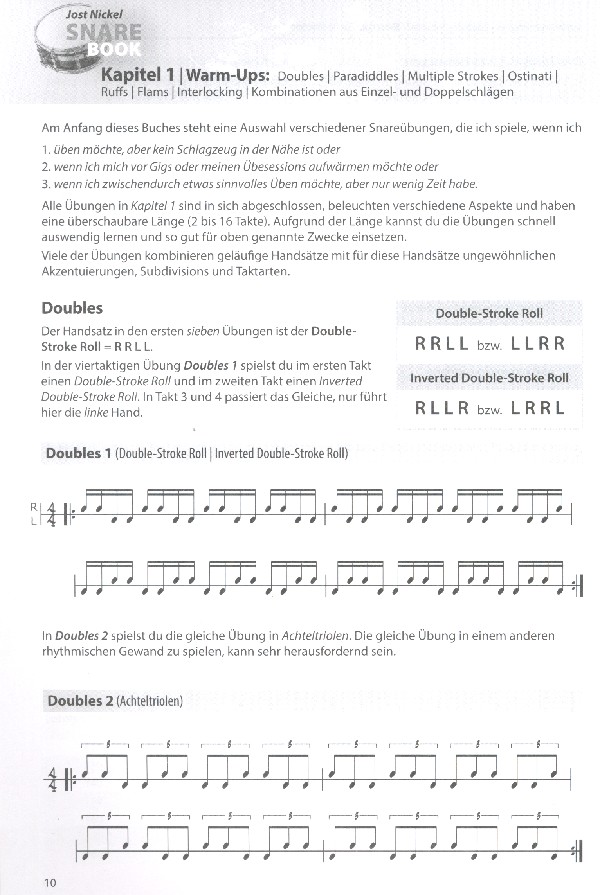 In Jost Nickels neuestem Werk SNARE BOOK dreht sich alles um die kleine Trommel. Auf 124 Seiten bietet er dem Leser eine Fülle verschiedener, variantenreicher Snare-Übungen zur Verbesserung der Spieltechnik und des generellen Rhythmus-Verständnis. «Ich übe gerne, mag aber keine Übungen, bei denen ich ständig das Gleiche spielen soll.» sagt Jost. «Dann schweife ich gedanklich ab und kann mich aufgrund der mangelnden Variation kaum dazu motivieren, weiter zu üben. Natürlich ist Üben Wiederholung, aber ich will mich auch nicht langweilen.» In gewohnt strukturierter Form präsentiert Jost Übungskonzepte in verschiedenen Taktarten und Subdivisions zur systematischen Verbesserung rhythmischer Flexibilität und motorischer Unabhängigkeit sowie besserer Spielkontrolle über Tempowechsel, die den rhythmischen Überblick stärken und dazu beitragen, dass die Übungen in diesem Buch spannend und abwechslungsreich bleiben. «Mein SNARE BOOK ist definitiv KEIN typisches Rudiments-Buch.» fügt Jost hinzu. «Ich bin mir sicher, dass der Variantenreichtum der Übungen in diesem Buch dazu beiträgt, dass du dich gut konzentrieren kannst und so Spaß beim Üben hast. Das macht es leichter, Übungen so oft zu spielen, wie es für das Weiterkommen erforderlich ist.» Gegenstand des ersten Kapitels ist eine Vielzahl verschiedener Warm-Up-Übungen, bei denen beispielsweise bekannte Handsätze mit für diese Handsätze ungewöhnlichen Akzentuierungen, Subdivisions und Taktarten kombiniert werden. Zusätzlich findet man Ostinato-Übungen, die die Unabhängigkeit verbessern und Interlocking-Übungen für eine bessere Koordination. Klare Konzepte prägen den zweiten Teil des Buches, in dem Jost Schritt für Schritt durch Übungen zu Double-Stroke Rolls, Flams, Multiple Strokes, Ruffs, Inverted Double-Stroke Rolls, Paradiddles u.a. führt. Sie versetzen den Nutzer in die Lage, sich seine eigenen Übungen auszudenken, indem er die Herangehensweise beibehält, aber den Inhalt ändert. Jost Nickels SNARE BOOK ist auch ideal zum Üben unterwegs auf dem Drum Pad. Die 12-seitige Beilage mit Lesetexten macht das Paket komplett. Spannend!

==

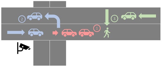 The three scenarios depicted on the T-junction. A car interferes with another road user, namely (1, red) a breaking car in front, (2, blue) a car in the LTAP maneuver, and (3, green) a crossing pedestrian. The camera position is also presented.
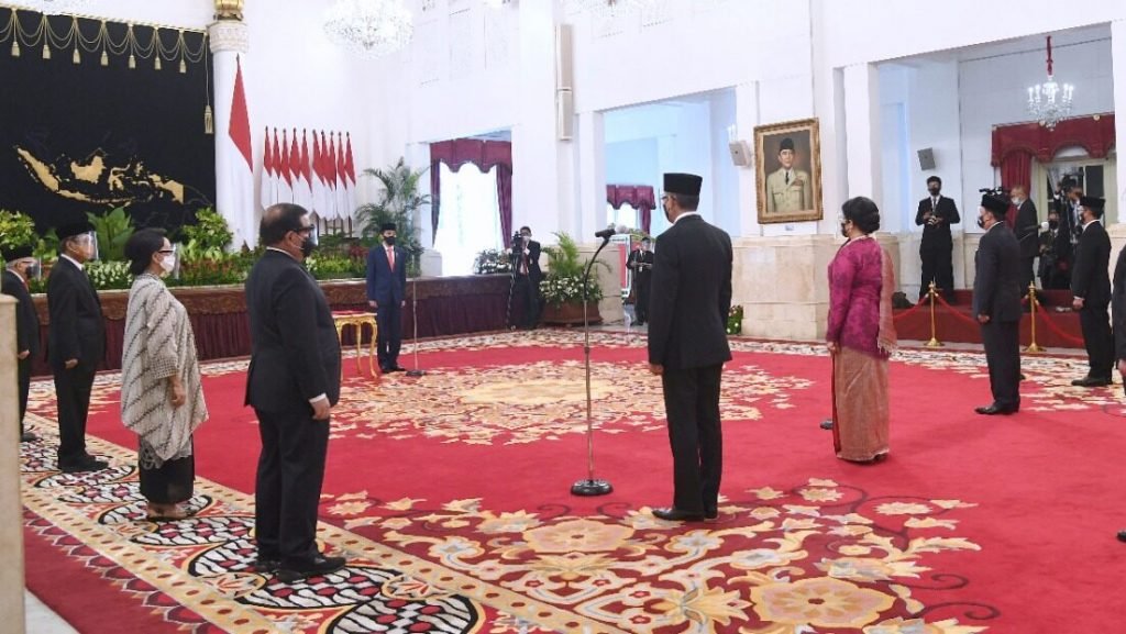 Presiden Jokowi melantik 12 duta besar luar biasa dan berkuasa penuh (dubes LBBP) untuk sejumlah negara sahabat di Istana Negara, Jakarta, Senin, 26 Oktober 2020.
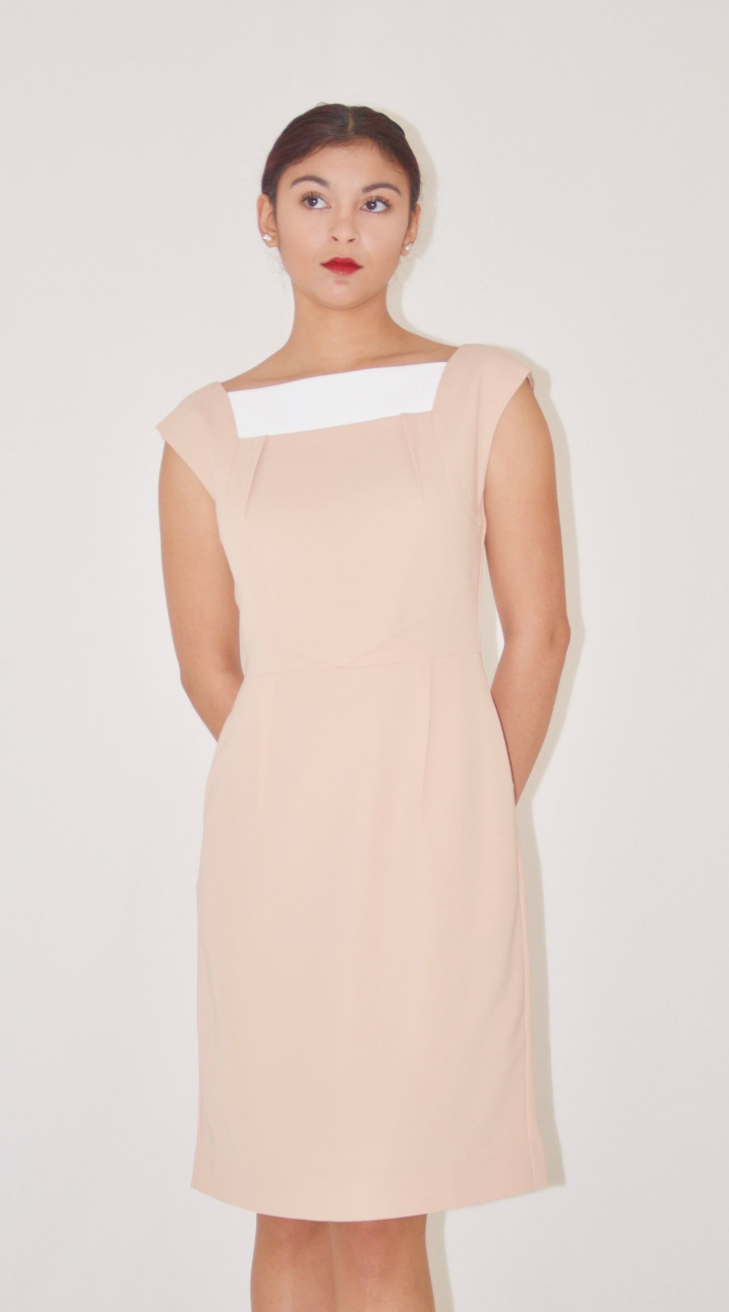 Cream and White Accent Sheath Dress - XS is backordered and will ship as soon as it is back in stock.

#### Directions for this task
In the entries above, find the line containing "Presiden Jokowi melantik" and the line containing "Cream and White", then copy both and every line between them exactly, without any picture.

#### Task answer
 Presiden Jokowi melantik 12 duta besar luar biasa dan berkuasa penuh (dubes LBBP) untuk sejumlah negara sahabat di Istana Negara, Jakarta, Senin, 26 Oktober 2020.
 Cream and White Accent Sheath Dress - XS is backordered and will ship as soon as it is back in stock.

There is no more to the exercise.